Los niños deben imitar a futbolistas, actores... y no a Albert Camus quemándose la comisura de los labios con una colilla.

Quizás si tuviera algo interesante que escuchar no bajaría la rueda del sonotone al mínimo... quizás.

Quizás no debí aprender los conceptos y madurar tan pronto, tanto, que incluso me sobraron años en la escuela y conseguí cumplir el sueño erótico de cualquier adolescente: tirarme a la maestra.

Quizás no debí haber leído a todos aquellos pensadores, a los griegos... quizás.

Quizás no debí comprender tan pronto la complejidad del ser humano, así no justificaría a mi madre, una egoísta que nos abandonó por una vida mejor, ni a mi padre, un alcohólico y la única persona que, entre cogorza y cogorza, milagrosamente (para mi desgracia), ha llegado a conocerme.

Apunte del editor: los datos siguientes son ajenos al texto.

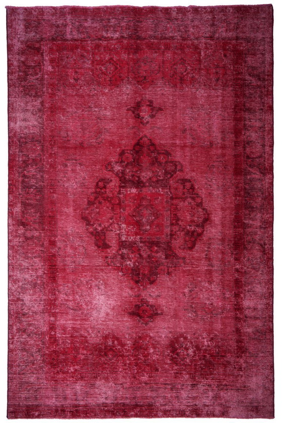 Our vintage rugs, which we find in Iran, come from used Persian rugs that continue their journey after being redesigned and redesigned. Designers based in Iran recycle old handmade Persian rugs as raw material for their art. Each rug is carefully selected and undergoes a unique washing and color-neutralizing process. In a creative process, portions of the pile are removed or reduced to create a new design. The rug is then re-dyed in captivating new colors and patterns. The result is a unique and modern, individual work of art. Naturally, these rugs are vintage, old, and used, and their condition varies accordingly, which is part of the product.
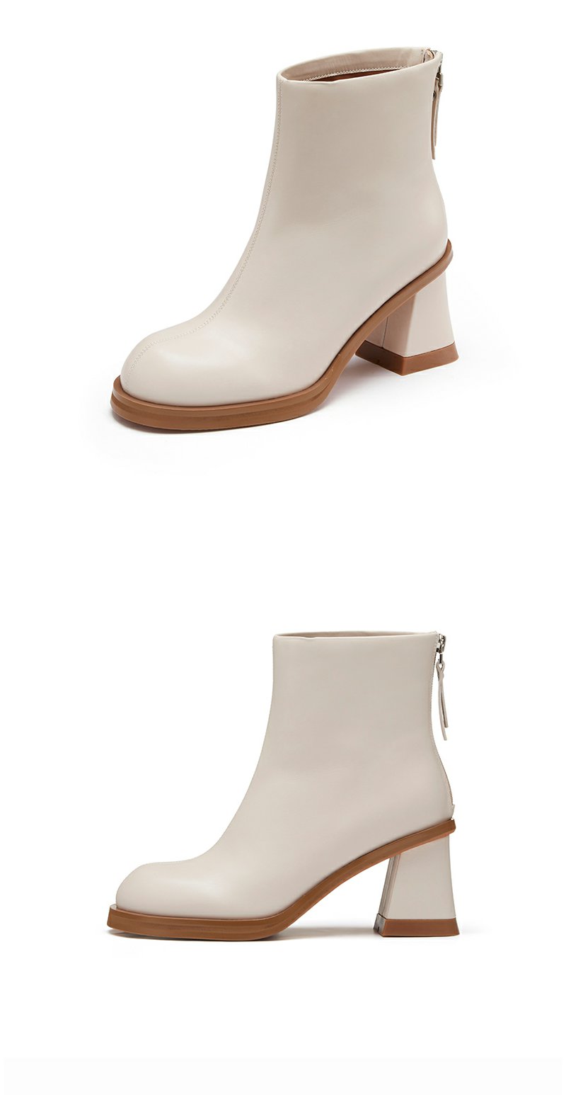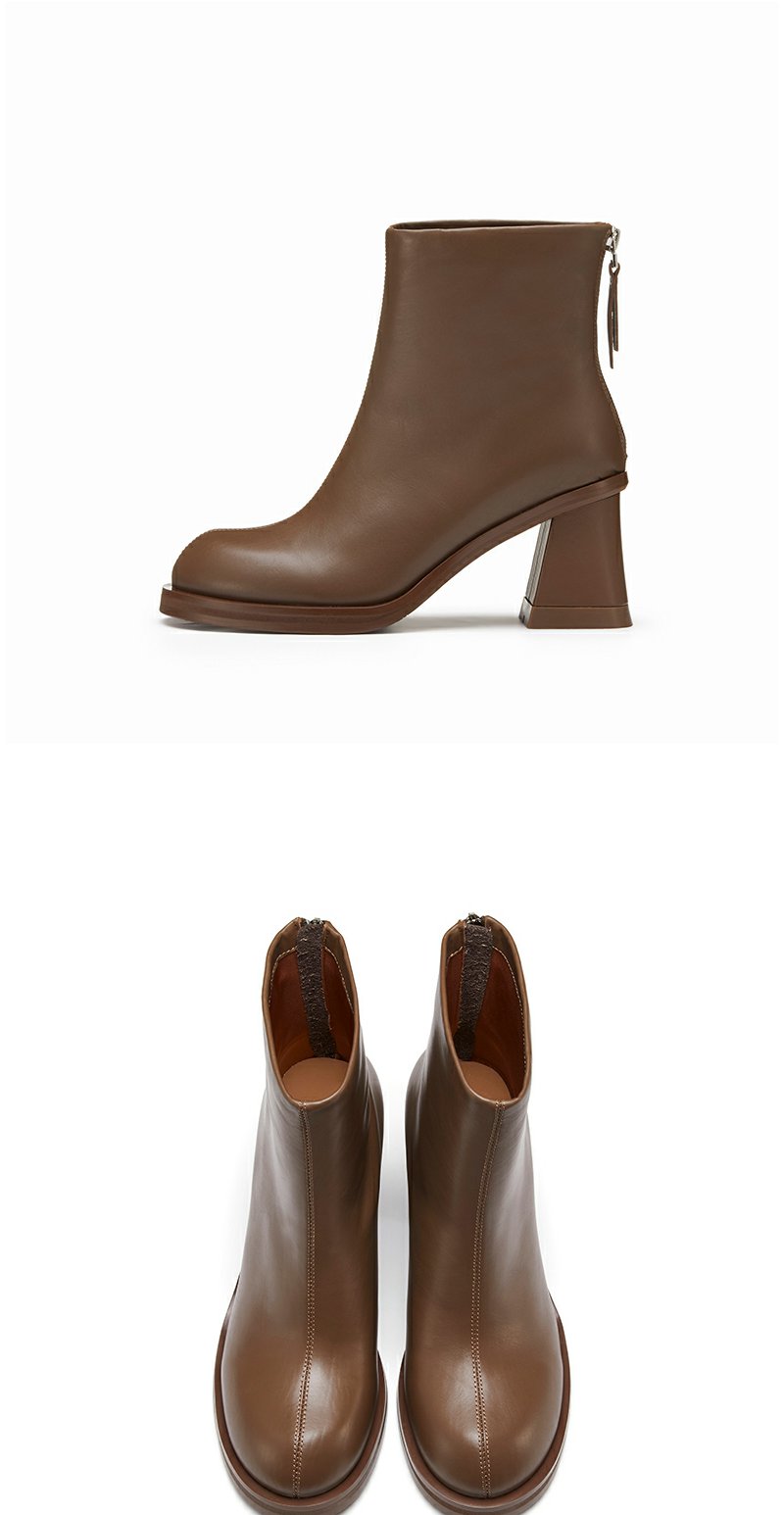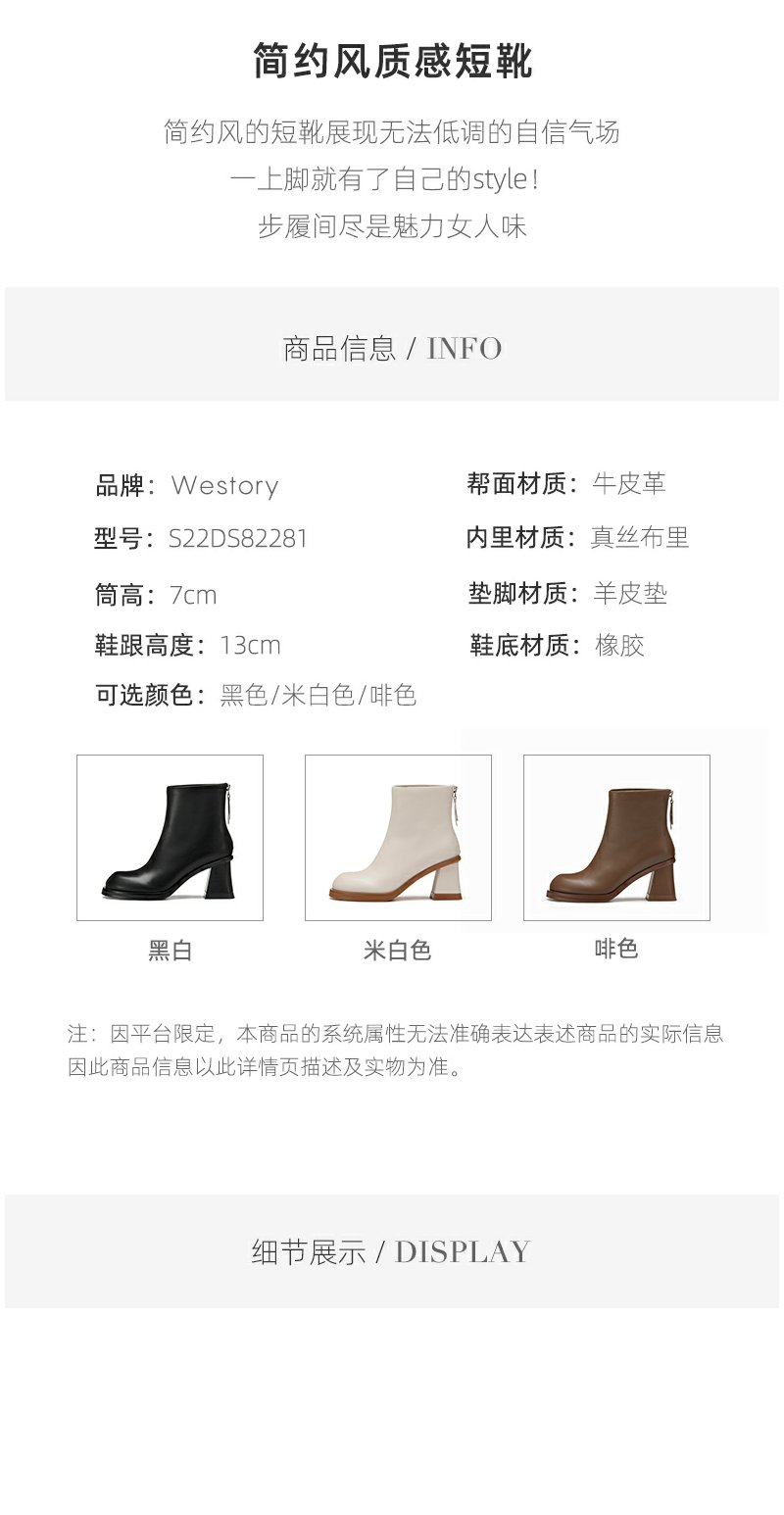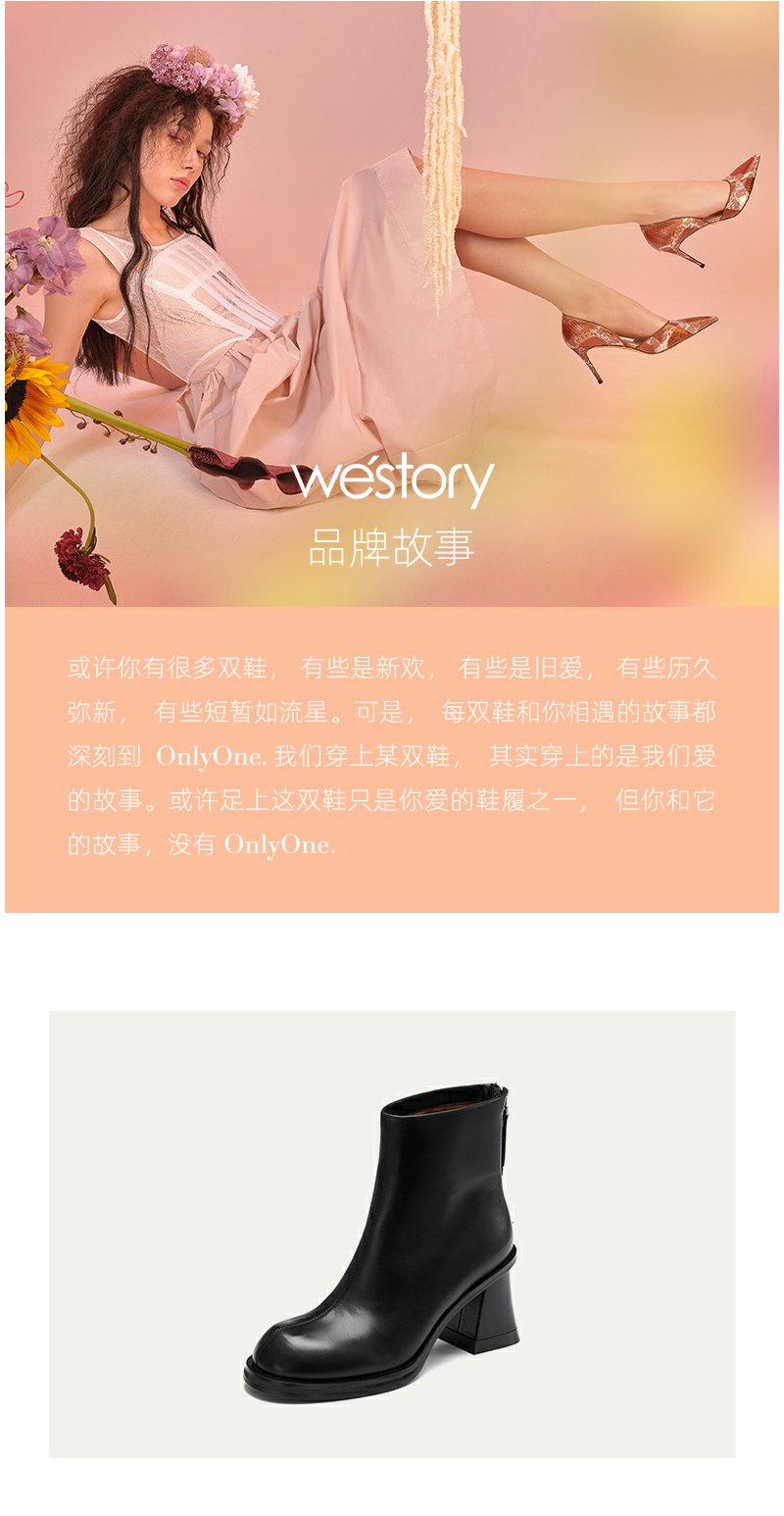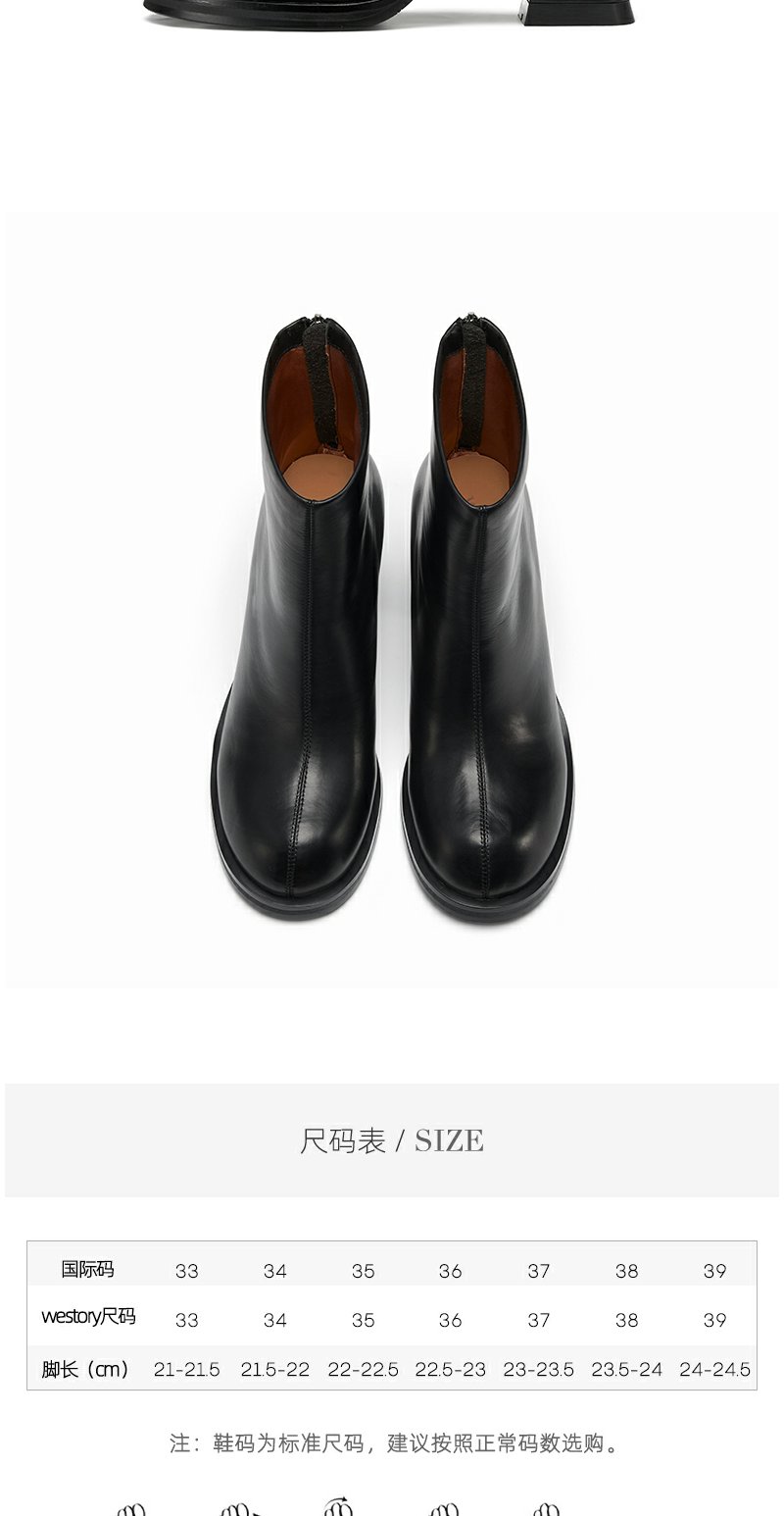 westory粗高跟时装短靴真皮拉链显瘦增高靴子22年秋冬新款女82281

Quizás si toda esa gente supiera con que poco esfuerzo realizo todo lo que ellos consideran heroíco, si supieran que aquello en lo que basan sus vidas para mí es un mero pasatiempo sin importancia...

Quizás, si aprendiera a respetar las normas sociales en vez de dar prioridad a la búsqueda de la libertad individual, ese madero no me miraría de reojo a través de sus Ray-ban mientras agita su masculinidad a través de la porra.

Quizás si me sumergiera en la más absoluta ignorancia y mantuviera mi percepción dormida habría llegado a ser el hermano que Rusty James siempre ha buscado, y no habría arruinado la vida de los que me rodean.

Y quizás entonces no tendría que observar (por fin) el rio, desde la otra orilla....

Quizás si no hubiera visto esta película con 15 años no me habría marcado tanto.. solo quizás.